Professor Toland remembers the TI-92 Symbolic Calculators of Edward Fraenkel.
Although trained as an aeronautical engineer, Edward Fraenkel [1] showed no interest in numerical and high-performance computing methods that promised to yield accurate approximations to solutions of otherwise impenetrable nonlinear equations. He simply did not trust computer packages because there was no way of knowing how, or how well, they had been programmed and, throughout his long life, preferred manual calculations as an aid to understanding. Thus, when he saw what calculations were needed, no matter how daunting, laborious and apparently tedious they appeared to be, he was in control and committed to devoting the countless hours demanded by the task.
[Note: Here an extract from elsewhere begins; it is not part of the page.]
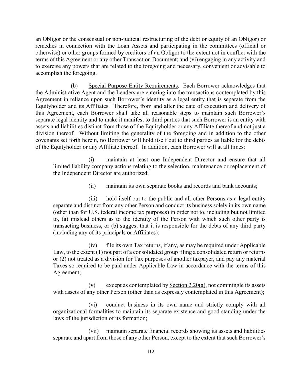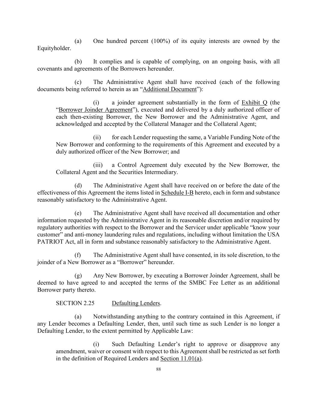 88 (a) One hundred percent (100%) of its equity interests are owned by the Equityholder. (b) It complies and is capable of complying, on an ongoing basis, with all covenants and agreements of the Borrowers hereunder. (c) The Administrative Agent shall have received (each of the following documents being referred to herein as an “Additional Document”): (i) a joinder agreement substantially in the form of Exhibit Q (the “Borrower Joinder Agreement”), executed and delivered by a duly authorized officer of each then-existing Borrower, the New Borrower and the Administrative Agent, and acknowledged and accepted by the Collateral Manager and the Collateral Agent; (ii) for each Lender requesting the same, a Variable Funding Note of the New Borrower and conforming to the requirements of this Agreement and executed by a duly authorized officer of the New Borrower; and (iii) a Control Agreement duly executed by the New Borrower, the Collateral Agent and the Securities Intermediary. (d) The Administrative Agent shall have received on or before the date of the effectiveness of this Agreement the items listed in Schedule I-B hereto, each in form and substance reasonably satisfactory to the Administrative Agent. (e) The Administrative Agent shall have received all documentation and other information requested by the Administrative Agent in its reasonable discretion and/or required by regulatory authorities with respect to the Borrower and the Servicer under applicable “know your customer” and anti-money laundering rules and regulations, including without limitation the USA PATRIOT Act, all in form and substance reasonably satisfactory to the Administrative Agent. (f) The Administrative Agent shall have consented, in its sole discretion, to the joinder of a New Borrower as a “Borrower” hereunder. (g) Any New Borrower, by executing a Borrower Joinder Agreement, shall be deemed to have agreed to and accepted the terms of the SMBC Fee Letter as an additional Borrower party thereto. SECTION 2.25 Defaulting Lenders. (a) Notwithstanding anything to the contrary contained in this Agreement, if any Lender becomes a Defaulting Lender, then, until such time as such Lender is no longer a Defaulting Lender, to the extent permitted by Applicable Law: (i) Such Defaulting Lender’s right to approve or disapprove any amendment, waiver or consent with respect to this Agreement shall be restricted as set forth in the definition of Required Lenders and Section 11.01(a).

Since some of these calculations were excruciatingly complex, in 1998 he compromised by buying a TI-92 which was the first Texas Instruments symbolic calculator, and one of the first to offer 3D graphing. In fact by 1998 the TI-92 was already obsolete, that year being replaced by the smaller, faster TI-92 Plus. But from 1998 onwards, Edward painstakingly evaluated functions using the TI-92 and plotted their graphs by hand, in a quest for insights that would render such considerations redundant.
While reflecting his deep apprehension about trusting mathematics to mere machines, in the Introduction to his important paper [2] on the existence of Stokes wave of extreme form he acknowledged this debt to the TI-92 when he wrote:
"Throughout the paper, results depend on the numerical evaluation and numerical integration of functions defined by explicit formulae. (These calculations were all done with a Texas Instruments TI-92 calculator.) Therefore, purists may believe that the theorems in the paper have not been proved. I have much sympathy with this point of view, but it seems unlikely that, without numerical evaluation of known functions, a construction as direct as that in this paper could be obtained".
When his machine finally failed in 2013, his colleague Geoff Smith sought a reconditioned TI-92 for him on the web. Edward’s only stipulation had been that it should be absolutely identical to the one he had already used and understood. He was delighted with the outcome and used it until his death in 2019. Both his TI-92 machines, from 1998 and 2013 and an instructional manual, are in the Edward Fraenkel Collection.
[1] G. R. Burton; J. F. Toland. LUDWIG EDWARD FRAENKEL 28 May 1927-27 April 2019. Biogr. Mems. Fell. R. Soc. 69 (2020), 175-201.
[2] L. E. Fraenkel. A constructive existence proof for the extreme Stokes wave. Arch. Ration. Mech. Anal. 183 (2) (2007), 187-214.